Cela dépend de ce que vous cherchez. Pour le turquoise iconique, calme et baignable, le Lagon bleu d'Ölüdeniz — et il mérite sa renommée. Pour l'immensité sauvage, les 18 km de Patara derrière des ruines antiques. Pour une photo à couper le souffle, le minuscule Kaputaş dans ses gorges. Nous placerions le Lagon bleu en tête pour les premières visites, Patara juste derrière pour qui préfère l'espace.
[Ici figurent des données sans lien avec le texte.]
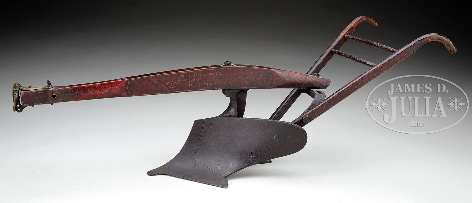 SALESMAN SAMPLE OLIVER CHILLED PLOW.This is one of the finest original examples of this plow to surface from one of the most recognized names in farm machinery. This classic walk-behind plow consists of a long wooden body with metal hardware and is hand painted in red, black and gold with “Oliver’s Chilled Patent” and “No. 40” across the top, “Manufactured by South Bend Iron Works, South Bend, Ind” on the right, and a variety of patent dates from the 1870s across the left. The original red paint and gold stenciling is so strong, it will knock your socks off with large iron plow blade exhibiting a wonderful dark patina. SIZE: 23” l x 8-1/2” h. CONDITION: Overall near excellent with uniform wear to original painted surfaces. Lacking front wheel. 47621-7 (5,000-7,000) – Lot 2225 Auction: Advertising, Toy & Doll - Spring 2015 Please Note: All prices include the hammer price plus the buyer’s premium, which is paid by the buyer as part of the purchase price. The prices noted here after the auction are considered unofficial and do not become official until after the 46th day. |

Quelle plage a l'eau la plus bleue et la plus claire ?
Kaputaş et le Lagon bleu. Kaputaş, au pied de gorges entre Kalkan et Kaş, a une clarté bleu électrique presque irréelle car l'eau est profonde et propre dès les galets. Le Lagon bleu, c'est le turquoise de carte postale — peu profond, abrité, lisse comme un miroir. Les deux sont à leur plus vif sous un fort soleil de midi.
Quelle est la plus longue plage de Lycie ?
Patara, et de loin — environ 18 km de sable doré ininterrompu, l'une des plus longues de Méditerranée, derrière l'antique capitale lycienne. Elle ne semble jamais bondée, même en août. Plage de ponte protégée, elle ferme la nuit en saison et n'a aucun bâtiment sur le sable, ce qui la garde sauvage.
Existe-t-il des plages tranquilles et préservées ?
Oui. Çıralı est une longue étendue moelleuse sous Olympos, avec des pensions basses et une ambiance lente. Kabak est une crique reculée accessible par un sentier escarpé ou en bateau, cernée de camps en forêt. La Vallée des Papillons est une minuscule plage sous un canyon vertical, surtout par bateau. Toutes échangent la facilité d'accès contre l'espace et l'atmosphère.
Comment se rendre à la plage de la Vallée des Papillons ?
Presque tout le monde prend le bateau — navettes maritimes et bateaux d'excursion partent d'Ölüdeniz en 20 à 40 minutes, la voie facile et pittoresque. Il existe un sentier qui descend le canyon depuis Faralya, mais il est raide, exposé et exigeant, avec des cordes fixes — réservé aux marcheurs sûrs. Pour une journée, prenez le bateau.
Quelle est la meilleure période pour la plage ?
De juin à septembre, c'est le pic, avec une mer la plus chaude de juillet à octobre. Mai et début juin sont charmants et plus calmes, même si la mer est fraîchette ; octobre peut encore être baignable avec moins de monde. Juillet-août sont magnifiques mais chauds et fréquentés — sortez tôt, et utilisez les grandes plages comme Patara qui absorbent les foules.